As shown in fig. 2, a schematic diagram of the processing procedure for determining whether a paragraph is an impurity paragraph based on the above conditions in this example is provided.

As another possible implementation manner, the method may further calculate the degree of impurity of the paragraph by combining with the index value of the at least one predetermined index of the paragraph, determine whether the degree of impurity of the paragraph reaches a predetermined threshold value of the degree of impurity, and if so, determine that the paragraph is an impurity paragraph; otherwise, if not, the section is judged not to be the impurity section.

And 105, based on the impurity paragraph determination result, performing impurity paragraph removal processing on the data information to obtain target data information not including impurity paragraphs.

On the basis of determining whether each paragraph in the data information such as the web article is a foreign paragraph, the data information may be further subjected to a removal process of the foreign paragraph based on the determination result of the foreign paragraph.

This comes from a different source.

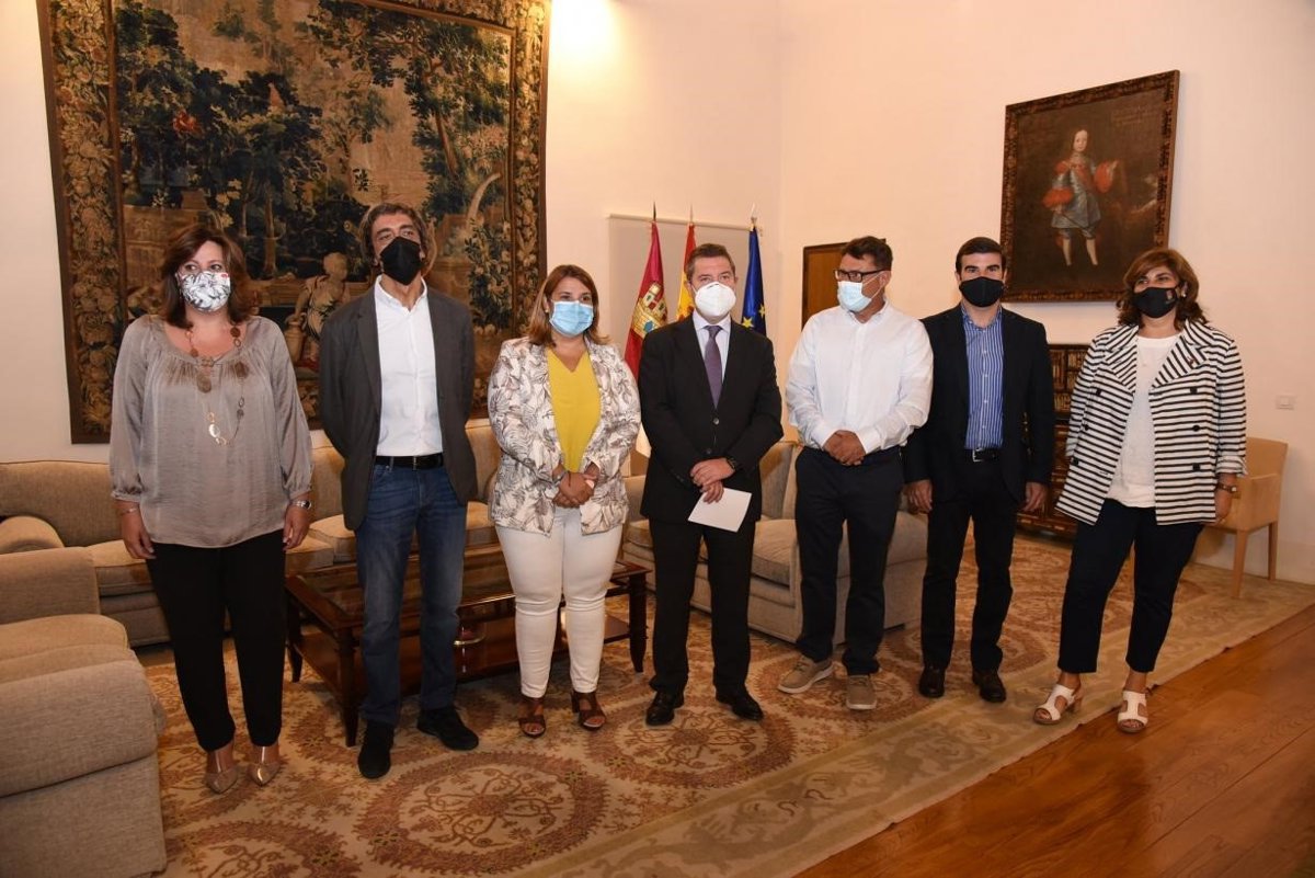 El presidente de Castilla-La Mancha, Emiliano García-Page, se reúne, en el Palacio de Fuensalida, con representantes de las empresas NYECPLAST S.L. Y SER-VIZIberica S.A - JCCM

Specifically, but not limited to, by recombining each non-impurity section (i.e., valid information section) in the data information, the clarity of each impurity section is achieved, and the target data information without the impurity section is finally obtained.

When each non-impurity paragraph in the data information is recombined, taking the data information as a network article as an example, the relative position or relative sequence of each non-impurity paragraph in the network article can be referred to, and each non-impurity paragraph in the network article is recombined in sequence, so that the finally obtained article without the impurity information can maintain the original position relationship of each non-impurity paragraph in the original network article.

Based on the above statements, the present embodiment provides a technical solution for determining whether a paragraph is an impurity paragraph based on the paragraph features of the data information itself and further clearing the impurity paragraph, without analyzing the structure of the data information (such as the article structure of a website), without failure or inaccurate grabbing of effective information content due to upgrading or changing the structure of the data information, and without high human cost, thereby achieving efficient, high-accuracy and low-cost clearing of impurities in the data information.

In other embodiments of the present application, referring to another flowchart of the impurity removing method shown in fig. 3, before the step 103, the method may further include:

step 102': and filtering out any one or more items of information in numbers, letters and dynamic scripts in the paragraphs.

The paragraphs of the network article may include numeric or alphabetical information, such as a numeric string including an identification number, or an alphabetical string including one or more english words in a chinese paragraph, and the numeric or alphabetical information may generally count a single number (e.g., "1", "2") or a single letter (e.g., "a", "b") as a word number when performing paragraph number statistics (e.g., counting words of paragraphs when calculating an impurity feature participle weight or an impurity feature keyword weight of a paragraph), which does not match with the actual situation of a word represented by an identification number or an alphabetical string represented by a numeric string, and may affect the statistics of the paragraph length, thereby causing interference with the determination result of the impurity paragraph.

In addition, a paragraph of the web article may further include a dynamic script (Javascript), and similarly, the dynamic script may also affect statistics on the length of the paragraph (the dynamic script generally includes a plurality of english words), and at the same time, since the dynamic script includes an html tag, splitting of the paragraph may be affected.

In view of this, in the embodiment, before determining the index value of the at least one predetermined index of the paragraph, any one or more of the numbers, letters, and dynamic scenarios in the paragraph are filtered out, so as to eliminate the interference in the determination process of the impurity paragraph.

For the case of the dynamic scenario, the dynamic scenario may be specifically identified based on the < script > tag, and the content of the dynamic scenario between the < script > tags is removed.

Referring to fig. 4, fig. 4 provides a schematic diagram of processing logic for performing a clearing process on the foreign information in the web article based on the scheme of the embodiment, and based on the processing procedure, the web article without the foreign information such as promotion information, advertisement, external link, etc. can be finally obtained.

Based on the scheme of the embodiment, the interference existing in the determination process of the impurity paragraphs can be effectively eliminated by filtering any one or more items of information in numbers, letters and dynamic scripts in the paragraphs before the index value of at least one predetermined index of the paragraphs is determined, so that the identification accuracy of the impurity paragraphs can be further improved.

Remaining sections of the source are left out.